US rare earths miner MP Materials will go public in a $1.47 billion deal by merging with a private-equity backed blank-check company, underscoring Wall Street’s rising interest in efforts to boost US production of the strategic minerals.
The listing on the New York Stock Exchange would be the first for a U.S. rare earths company since Molycorp went public a decade ago. Molycorp filed for bankruptcy in 2015 and MP Materials bought California’s Mountain Pass mine and other Molycorp asset in 2017.
The deal, announced on Wednesday, comes as President Donald Trump and other U.S. politicians push to resume domestic production and processing of rare earths, a group of 17 minerals used to build weapons and electronics.
China, which owns about 10% of MP, is the world’s largest producer of these minerals.
Hedge funds JHL Capital Group and QVT Financial will fold their ownership of MP into the special-purpose acquisition company (SPAC) Fortress Value Acquisition Corp, shares of which gained as much as 20% in Wednesday trading. Fortress is controlled by Japan’s SoftBank Group Corp.
SPACs have been behind some recent high-profile public listings, including electric car maker Fisker, which announced its plans earlier this week.
MP will net about $489 million from the deal and a separate stock offering with three other investors. It plans to use the funds to upgrade outdated and mothballed Molycorp-era processing equipment in California.
MP had planned to process 5,000 tonnes per year of the two most common rare earth metals by the end of 2020, though the goal is now by 2022, the company said on Wednesday.
MP is by far the most advanced player in the U.S. rare earths industry, given no rival project has even broken ground. But the company has to ship more than 50,000 tonnes of concentrated rare earths per year to China for final processing because its California equipment is not operational. Chinese customers account for all of MP’s $100 million in annual revenue.
MP relied on Chinese expertise to resume operations at its California site after buying it in 2017, according to Jim Litinsky, the company’s co-chairman.
Litinsky will become chief executive of the new company, which will trade under the stock ticker “MP.” Retired U.S. General Richard Myers, the former chairman of the Joint Chiefs of Staff, will join the company’s board.
It was not immediately clear if China’s Shenghe Resources Holding Co Ltd, which owns about 10% of MP, would participate in the Fortress deal.
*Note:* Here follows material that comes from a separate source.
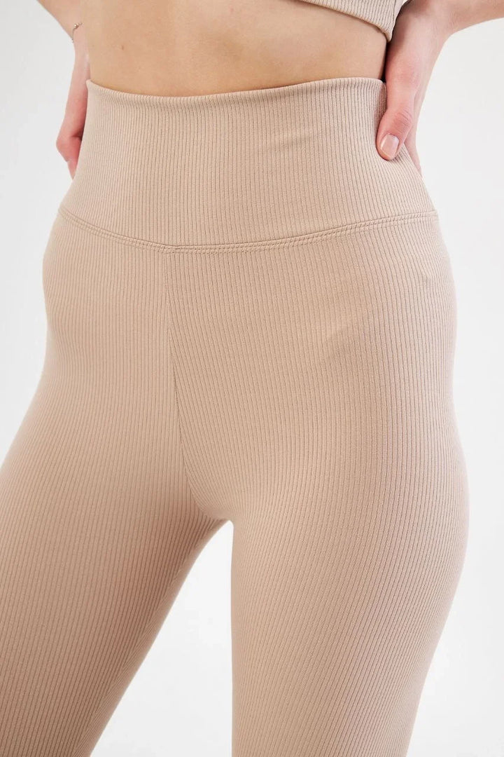 Kadın Yüksek Bel Fitilli Tayt - Bej

Shenghe and MP Materials did not immediately respond to requests for comment.
Reuters reported earlier this year that Shenghe’s stake in MP had prompted concern from scientists at the U.S. Department of Energy’s Critical Materials Institute, the focal point of the U.S. government’s rare earths research and a facility that typically works closely with private industry.
The U.S. Department of Defense awarded funding in late April to MP for a facility to process heavy rare earths, a less-common type of the specialized minerals.
But that decision was put on hold a few days later “until further research can be conducted,” according to a Pentagon document seen by Reuters.